- [Assigned task]:
Exact copy, no pictures: set down the lines from the one holding "16 - Coppia" through the final line of the records below.

- [Records]:
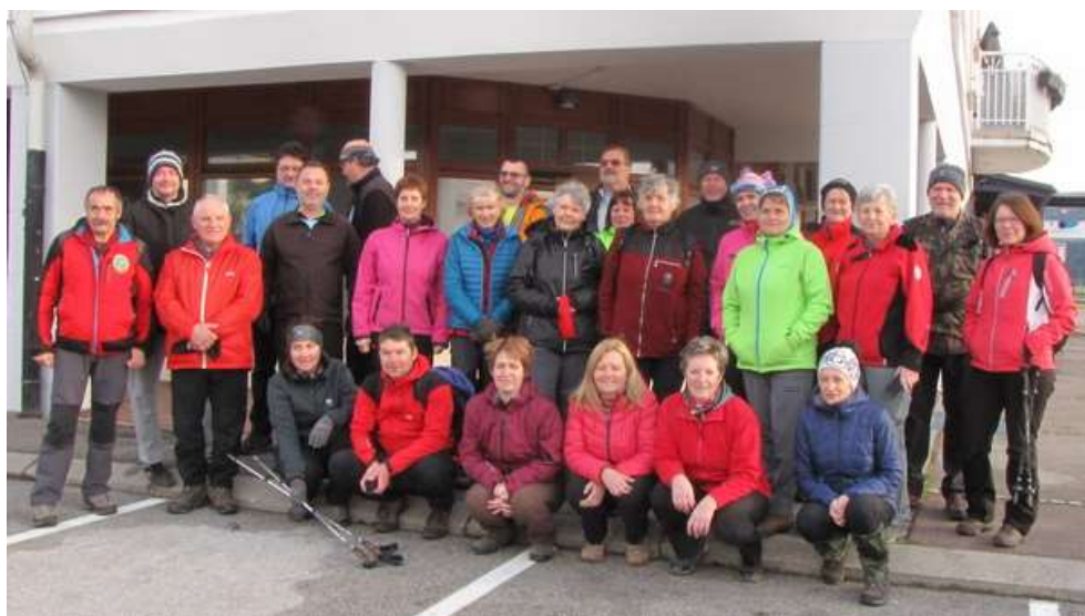
NV pohod na Goro Oljko
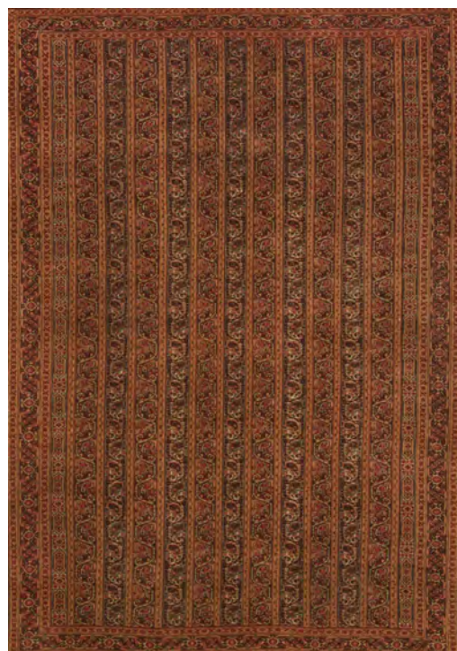
تصویر ۱۱: قالیچه طرح واگیره، محرمات، اواسط سده سیزدهم/ نوزدهم، درخش، ۲۳۲ × ۱۵۲ سانتی‌متر
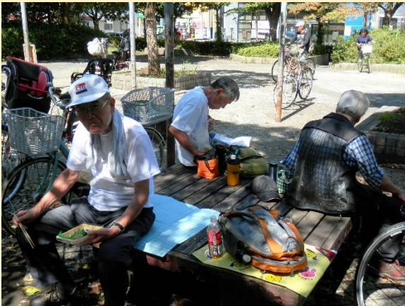
何故か自転車に囲まれて食べています・・・
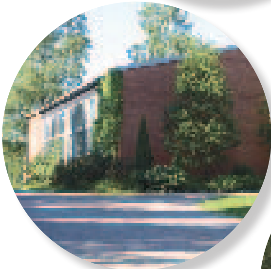
B - Auditorio, juhlasali, oppilaitoksen hallinto ja opettajien huoneet
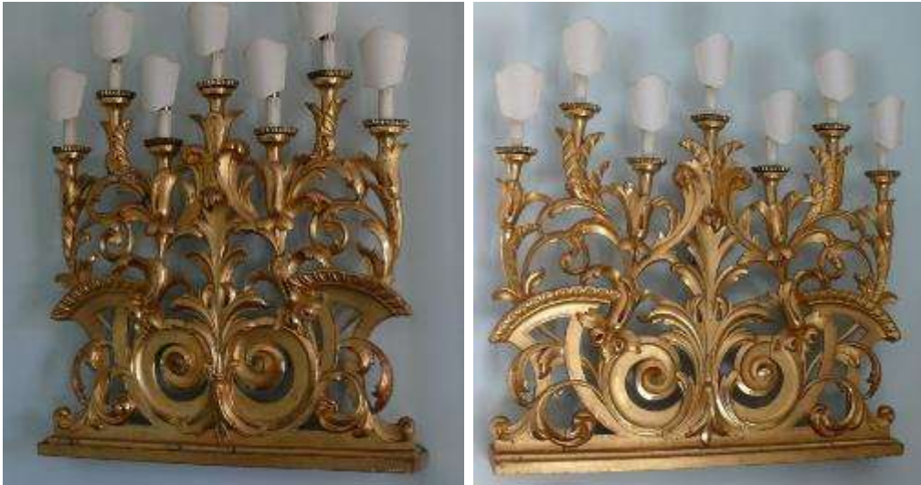
16 - Coppia di appliques a sette luci in legno intagliato a volute e racemi e dorato a foglia d'oro. Manifattura emiliana moderna. Misure cm 80x87. Prezzo di rimpiazzo € xxxx,00
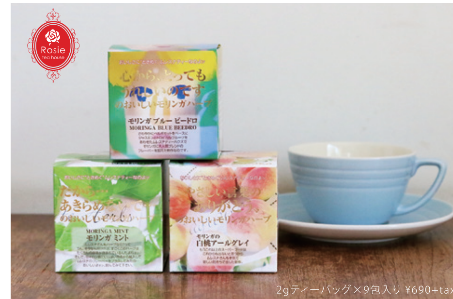
2gティーバッグ×9包入り ¥690+tax
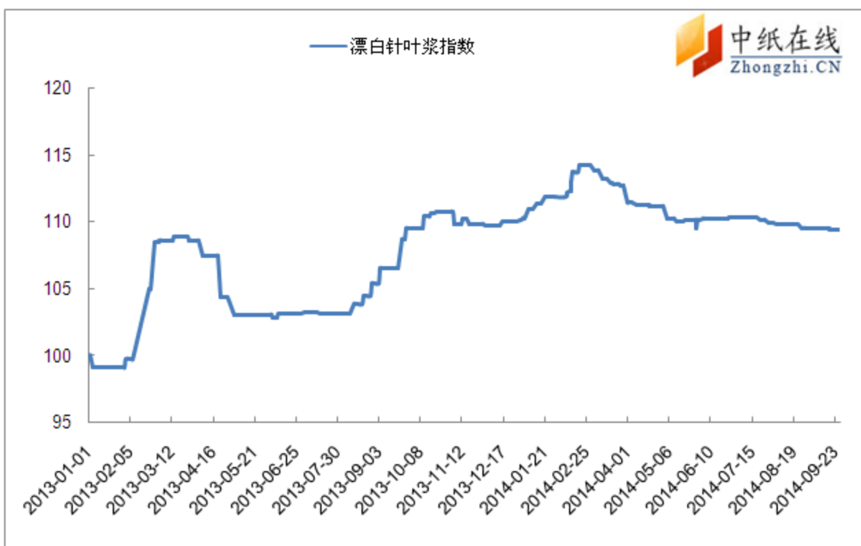
图 1: 漂白针叶浆价格指数

2014 年 9 月 12 日漂白针叶浆价格指数为 109.39, 与上周持平, 较周期内最高点 114.20 下降 4.2%。

- [Response box]:
16 - Coppia di appliques a sette luci in legno intagliato a volute e racemi e dorato a foglia d'oro. Manifattura emiliana moderna. Misure cm 80x87. Prezzo di rimpiazzo € xxxx,00
2gティーバッグ×9包入り ¥690+tax
图 1: 漂白针叶浆价格指数

2014 年 9 月 12 日漂白针叶浆价格指数为 109.39, 与上周持平, 较周期内最高点 114.20 下降 4.2%。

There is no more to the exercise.